I went back and checked the other duplicates and their Treasury Agency Codes were all the same. So, cleaning up this mess is going to take a 2-pronged approach. One, Treasury Agency Codes is going to be added as part of the Primary Key(The Government should probably update the db_guide so that everyone knows to do that) and second, I’m just going to treat the other 2 pairs as the same thing. I think the Government needs to combine those into a single description. So that’s how I’m cleaning it up.
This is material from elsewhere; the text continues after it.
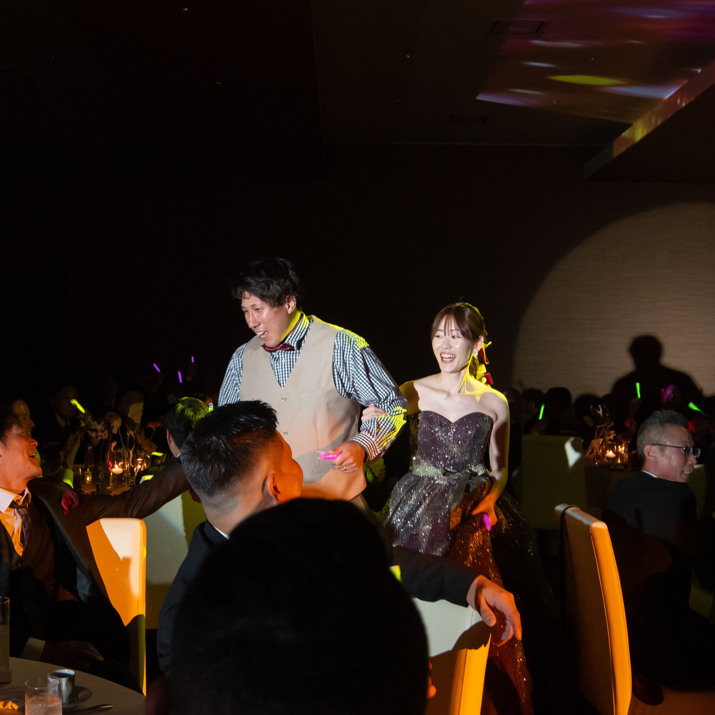 披露宴は最初から最後まで盛り上がって、たくさんのゲスト様の笑顔が見れてよかったです。新婦のドレスが落ちてきて気になっていましかだ、すぐにメイクさんが声掛けて下さったりと式場スタッフの方はみんなちゃんと私たち夫婦を見て下さっているなと感じました。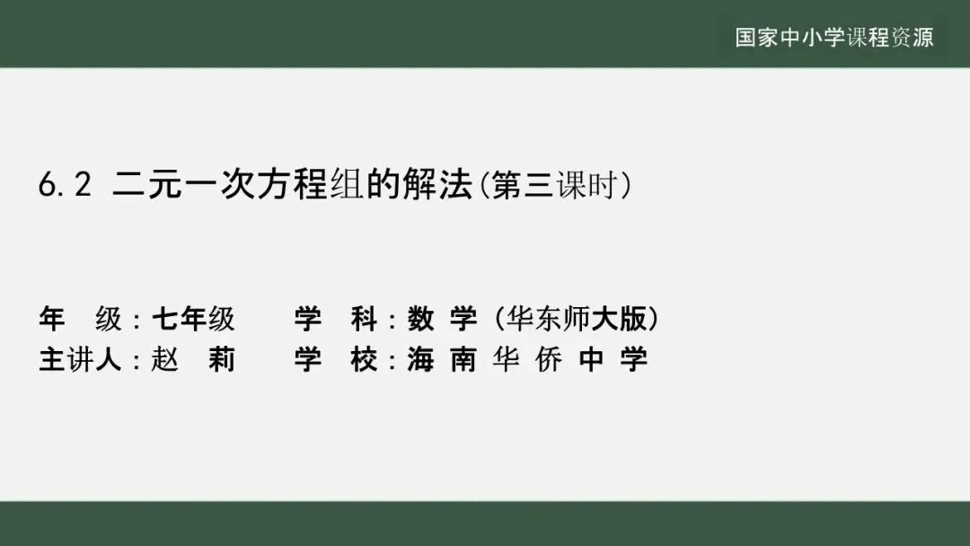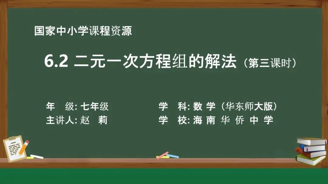 当前位置:首页>课件>【教学课件】(新教材)华师大版初中数学七下《6.2 二元一次方程组的解法》(第三课时)

Going Right to the Source: JACKPOT!

So I’ve been looking at the data over at usgovernmentspending.com. I was trying to figure out where they get their data. At first I found this explanation:

Federal spending between 1962 and 2012 is obtained from a spreadsheet file Table 3.2 – Outlays by Function and Subfunction: 1962-2010 in Budget of the United States Government: Historical Tables Fiscal Year 2008 published by the Executive Office of the President of the United States. It contains actual historical federal government spending from 1962 to 2006, and budgeted and estimated spending from 2007 through 2010.

Eventually I found that data it was talking about. You goto the GPO budget page, then I click on my favorite budget year. I’m then taken to a page with a log of document links. I scroll to the bottom and click the link: Historical Tables.

At that point I can download speadsheet 3.2 (Outlays by Function and Subfunction: 1962–2015) Voila! I have a list of all government spending by billing code.

This info was pretty good. I could now look at the info without relying on a third party website that can apply their own spin. For example, USSpending has a “welfare” item. However, the federal budget doesn’t list that. The categories are spread between Health, Housing, Education, training, employment, and social services.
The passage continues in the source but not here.